Deep learning based pectoral muscle segmentation on Mammographic Image Analysis Society (MIAS) mammograms

Article information

Precis Future Med. 2021;.pfm.2020.00170
Publication date (electronic) : 2021 April 5
doi : https://doi.org/10.23838/pfm.2020.00170
1Department of Biomedical Engineering, Gachon University Gil Medical Center, Gachon University College of Medicine, Inchon, Korea
2Department of Radiology, Gachon University Gil Medical Center, Gachon University College of Medicine, Incheon, Korea
Corresponding authors: Kwang Gi Kim Department of Biomedical Engineering, Gachon University Gil Medical Center, Gachon University College of Medicine, 21 Namdong-daero 774beongil, Namdong-gu, Incheon 21565, Korea Tel: +82-32-820-4036 E-mail: kimkg@gachon.ac.kr
Eun Young Yoo Department of Radiology, Gachon University Gil Medical Center, Gachon University College of Medicine, 21 Namdong-daero 774beon-gil, Namdong-gu, Incheon 21565, Korea Tel: +82-32-460-8269 E-mail: yey0227@gilhospital.com
Received 2020 November 23; Revised 2021 January 3; Accepted 2021 January 19.

Abstract

Purpose

The purpose of this study was to propose a deep learning-based method for automated detection of the pectoral muscle, in order to reduce misdetection in a computer- aided diagnosis (CAD) system for diagnosing breast cancer in mammography. This study also aimed to assess the performance of the deep learning method for pectoral muscle detection by comparing it to an image processing-based method using the random sample consensus (RANSAC) algorithm.

Methods

Using the 322 images in the Mammographic Image Analysis Society (MIAS) database, the pectoral muscle detection model was trained with the U-Net architecture. Of the total data, 80% was allocated as training data and 20% was allocated as test data, and the performance of the deep learning model was tested by 5-fold cross validation.

Results

The image processing-based method for pectoral muscle detection using RANSAC showed 92% detection accuracy. Using the 5-fold cross validation, the deep learning-based method showed a mean sensitivity of 95.55%, mean specificity of 99.88%, mean accuracy of 99.67%, and mean dice similarity coefficient of 95.88%.

Conclusion

The proposed deep learning-based method of pectoral muscle detection performed better than an existing image processing-based method. In the future, by collecting data from various medical institutions and devices to further train the model and improve its reliability, we expect that this model could greatly reduce misdetection rates by CAD systems for breast cancer diagnosis.

INTRODUCTION

Among breast imaging methods, mammography is widely used in screening for breast cancer [1]. However, the results can be difficult to interpret for dense breasts, which leads to a high risk of misdiagnosis [2]. Forthis reason,there has been ongoing research on computer-aided diagnosis (CAD) systems, in order to reduce the number of misdiagnoses and to improve the accuracy of diagnosis by radiologists using mammography [3-5]. CAD systems use computer algorithms to enable objective and accurate detection of lesions that are difficult to distinguish with the naked eye. However, accurate lesion detection by these CAD systems can be negatively affected for various reasons. In particular, in CAD systems used to diagnose breast cancer, the pectoral muscle shows a similar pixel intensity to that of lesions of the right mediolateral oblique (RMLO) and left mediolateral oblique (LMLO) muscles, which can cause misdetection [6]. To prevent this, a separate pectoral muscle detection algorithm is required.
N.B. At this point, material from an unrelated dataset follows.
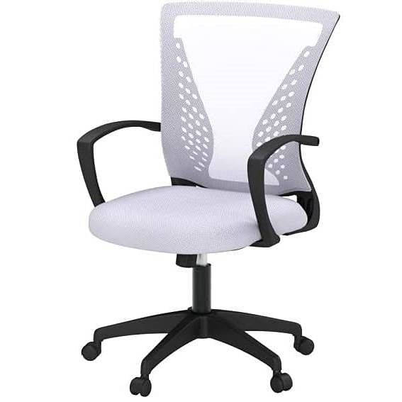 Enhance your workspace with this White Modern Mid-Back Office Desk Chair. Designed with ergonomic features and a sleek mesh back, this chair combines comfort and style for an optimal work environment. Perfect for home offices, desks, and more, it supports you through long work hours with ease.

In 2016, we developed an image processing-based automated pectoral muscle detection algorithm using the random sample consensus (RANSAC) algorithm on images from the Mammographic Image Analysis Society (MIAS) database [7]. This algorithm had a detection accuracy of 92.2%, which was higher than that found in other studies using the MIAS database [8-12]. Nevertheless, detection accuracy was poor in some images due to the complex shape of the pectoral muscle, and so the algorithm needed to be improved.

Recently, the number of researches on pectoral muscle segmentation using computer algorithms are increasing. Shen et al. [13] reported an algorithm for automatic pectoral muscle segmentation that combines a genetic algorithm and a morphological selection algorithm. As a result of verification with the Mini-MIAS database, the false positive (FP) rate was 2.03% and the false negative (FN) rate was 6.90%. Gardezi et al. [14] reported an algorithm of segmenting the boundary between the breast region and the breast parenchyma using an adaptive gamma correction method. As a result, an accuracy of 98.45% and a jaccrard similarity index of 92.79% were shown.

Recent advances in hardware have created a favorable environment for deep learning techniques, which have been applied in various fields. Convoluted neural networks (CNNs) especially, as one type of deep learning technique, have been used with outstanding results in various imaging fields [15,16]. In medical imaging as well, numerous studies using CNNs have reported better performance than conventional image processing techniques [17-19]. Thus, in this study, we aimed to use deep learning in pectoral muscle detection, to improve upon the previously encountered problems for the complex-shaped pectoral muscle, and to enhance detection accuracy. The deep learning model for pectoral muscle detection was trained using the same MIAS database as before, and the performance of the algorithm was assessed in comparison to the results ofthe image processing-based method using RANSAC.

METHODS

Data

This study used mammograms from the mini-MIAS database, which is one of several open access databases. The MIAS database consists of scans of 322 mammogram films taken as part of the United Kingdom’s national breast cancer screening program [20]. All the images in the mini-MIAS database consist of RMLO or LMLO views excluding right craniocaudal and left craniocaudal, and the images sizes are 1,024×1,024 pixels. For annotation data to use in deep learning,regions of interest (ROIs) for the pectoral muscle were drawn manually by a radiologist. The ROIs were drawn using ImageJ software version 1.52a (National Institutes of Health, Bethesda, MD, USA). In the mediolateral oblique images, polygonal ROIs were drawn by distinguishing the boundary between the breastregion and the breast parenchyma. A binary mask was made, using 0 for outside the ROI and 255 for inside the ROI, and this was used as the ground truth. Fig. 1 shows one of the binary mask images used as the ground truth.

Fig. 1.

Examples of an image from the Mammographic Image Analysis Society (MIAS) database (A) and annotation data made directly by a specialist (B).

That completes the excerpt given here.